● Work required
Only the lines below from the one containing "Plakat i sort" through the one containing "ชุดกางเกงยีนส์" belong in the answer, set down exactly, with the pictures left out.

● Data to examine
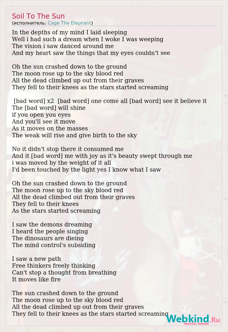 In the depths of my mind I laid sleeping Well i had such a dream when I woke I was weeping The vision i saw danced around me And my heart saw the things that my eyes couldn't see Oh the sun crashed down to the ground The moon rose up to the sky blood red All the dead climbed up out from their graves They fell to their knees as the stars started screaming [bad word] x2 [bad word] one come all [bad word] see it believe it The [bad word] will shine if you open you eyes And you'll see it move As it moves on the masses The weak will rise and give birth to the sky No it didn't stop there it consumed me And it [bad word] me with joy as it's beauty swept through me i was moved by the weight of it all I'd been touched by the light yes I know what I saw Oh the sun crashed down to the ground The moon rose up to the sky blood red All the dead climbed out from their graves They fell to their knees As the stars started screaming I saw the demons dreaming I heard the people singing The dinosaurs are dieing The mind control's subsiding I saw a new path Free thinkers freely thinking Can't stop a thought from breathing It moves like fire The sun crashed down to the ground The moon rose up to the sky blood red All the dead climbed up out from their graves They fell to their knees as the stars started screaming
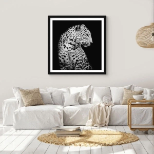 Plakat i sort ramme - Sort-hvidt portræt af en leopard på en sort baggrund - 50x70cm - Den rigtige profil er perfekt! - Moderne vægdekoration til stue og soveværelse ARTTOR
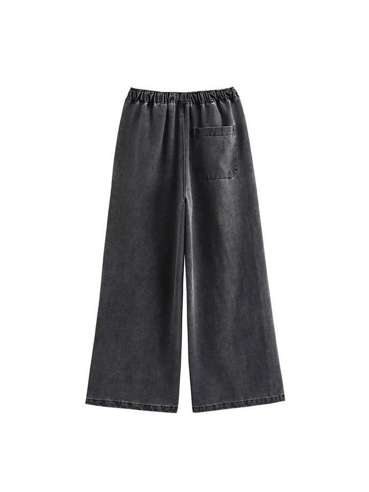 ชุดกางเกงยีนส์2024ฤดูใบไม้ร่วงผู้หญิงชุดสองชิ้นเสื้อลำลองคอปกพับลงเอวสูงกางเกงผ้ายีนส์ผู้หญิง
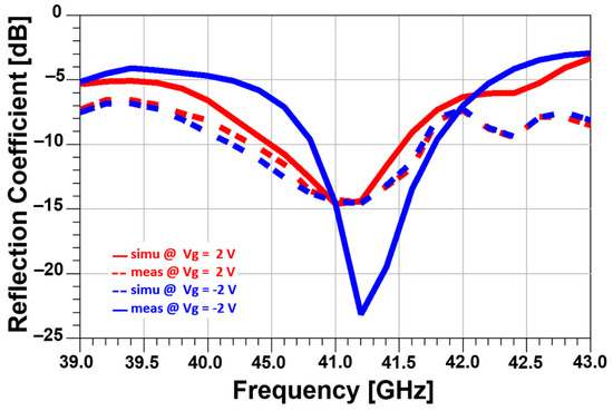 Simulated and measured reflection coefficient for Vg of 2 V and −2 V.
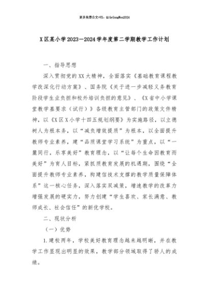 【七哥公文】2024年:X区某小学2023-2024学年度第二学期教学工作计划+更多免费公文+VX:QiGeGongWen2024
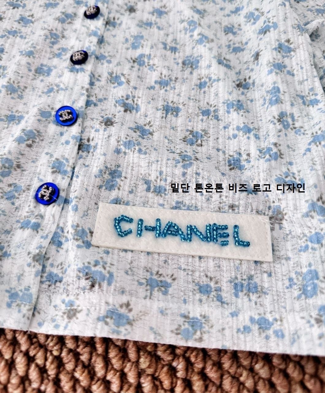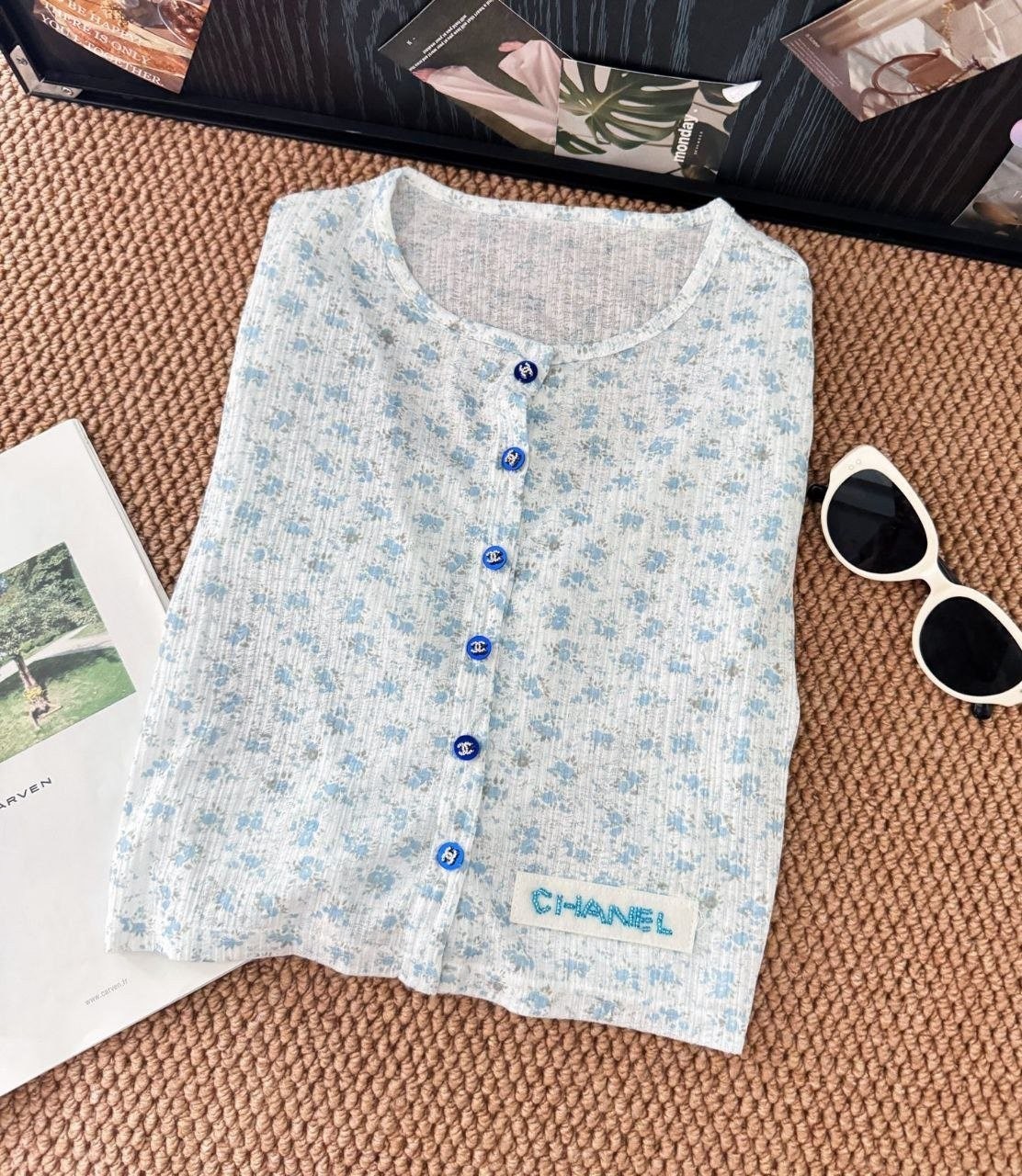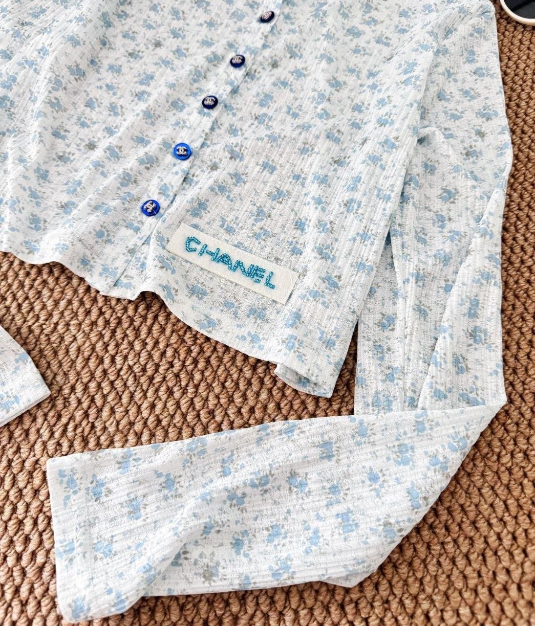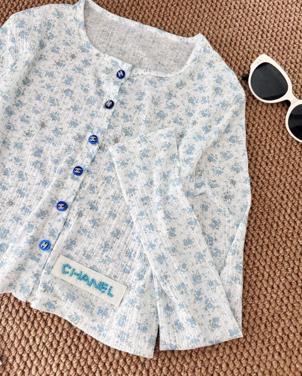 •블루 톤의 무드가 돋보이는 달콤하고 귀여운 미니 플라워 패턴입니다. 시각적으로 더 시원해 보이게 해주는 스타일로, 얇은 가디건 하나만으로도 분위기가 확 살아납니다. 정말 예쁘고 세련된 느낌이에요. 인스타에서 인기 많은 샤* 스타일의 꽃무늬 탑으로, 맞춤 제작한 원단과 단추 등 디테일이 정교합니다.
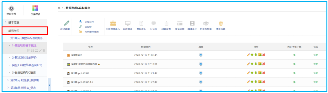 首先对教材内容进行课程单元划分,将数据结构课程内容分成16个课程单元,每周完成1个单元的教学任务。每周开展线上教学前,先进行单元教学设计,再依此完成相关工作:资源准备、资源上传、教学过程、测试、作业布置等。下面以第1单元为例,给出完整的课程单元设计。

● Solution to the problem
 Plakat i sort ramme - Sort-hvidt portræt af en leopard på en sort baggrund - 50x70cm - Den rigtige profil er perfekt! - Moderne vægdekoration til stue og soveværelse ARTTOR
 ชุดกางเกงยีนส์2024ฤดูใบไม้ร่วงผู้หญิงชุดสองชิ้นเสื้อลำลองคอปกพับลงเอวสูงกางเกงผ้ายีนส์ผู้หญิง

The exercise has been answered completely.